I work predominantly with young mothers. It’s incredibly important for me to recognise the signs of domestic abuse and to know how to best respond when a disclosure is made - I’d estimate that just over a third of the young people I work with are survivors of domestic abuse. I knew a little about domestic and sexual violence before I joined the London Champions programme but I was unaware of the scale of the problem.
Becoming a champion involved attending three full days of training around domestic abuse. For me, becoming a champion also involved taking the lead on this area within my service. Once you become a champion, you also become part of a wider network of individuals who have received the same training and have the opportunity to meet up at quarterly networking events.

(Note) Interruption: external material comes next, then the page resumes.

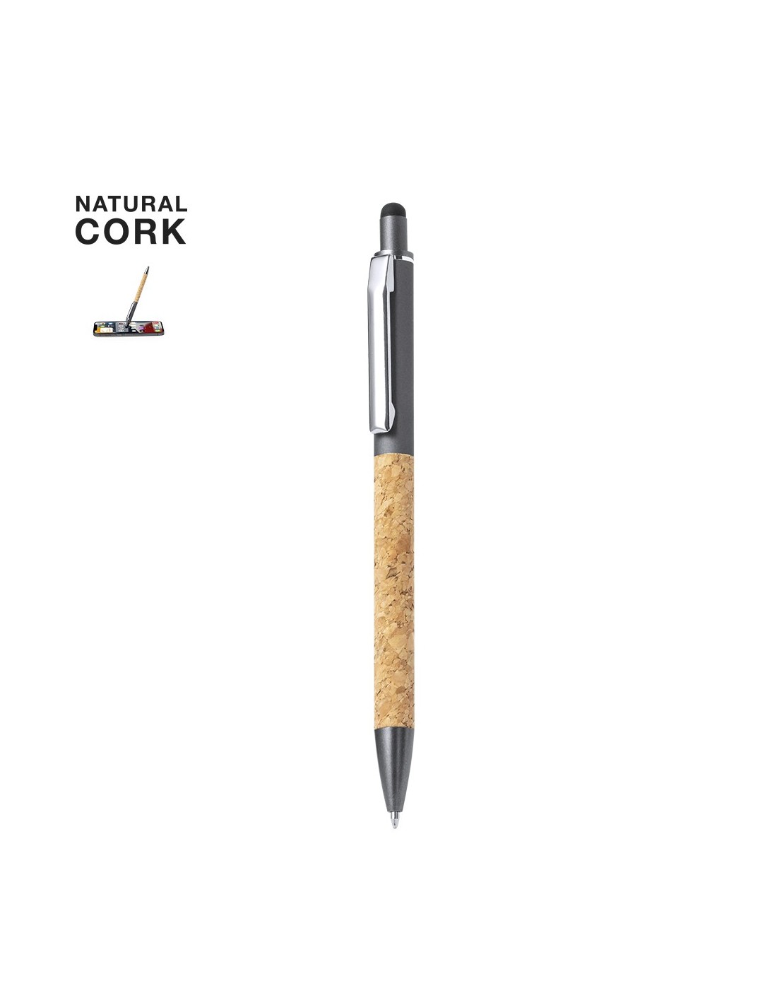 Elegante bolígrafo puntero fabricado en de corcho y aluminio con mecanismo pulsador. Cuerpo en resistente aluminio de acabado mate y empuñadura en corcho con puntero negro en la parte superior en gris. Clip metálico, con pulsador retráctil y en tinta azul. Presentado en bolsa individual reciclada..Elaborado con elementos vegetales para así fomentar la utilización de materias primas naturales y reducir las emisiones contaminantes.

One of the main takeaways for me is that domestic abuse can affect anyone, regardless of age, gender, sexuality, religion or profession. We discussed in detail the reasons why it might be difficult for a survivor to seek help or to leave and this has helped me to have a far better understanding of why some of the young people I work with have stayed in abusive relationships.
Becoming a Solace Champion has given me so much more confidence when faced with disclosures. I’ve been given practical tools to use with clients to help them to explore what makes a relationship healthy or unhealthy. These tools make talking about domestic abuse so much easier and I see myself using them a lot in my current role.
The Network events are always interesting. They’re a great way to further your knowledge and to stay in touch with colleagues across the sector who have a similar interest in providing clients with consistent and high-quality support, information and advice around domestic abuse. Most recently I attended a Network event that focused on the psychological impact of rape and sexual assault on survivors.
If you do a frontline role, you will undoubtedly work with people who have experienced, or are at risk of experiencing, domestic abuse. It’s therefore essential that you know how to help survivors. The training is also extremely interesting – I’d thoroughly recommend it.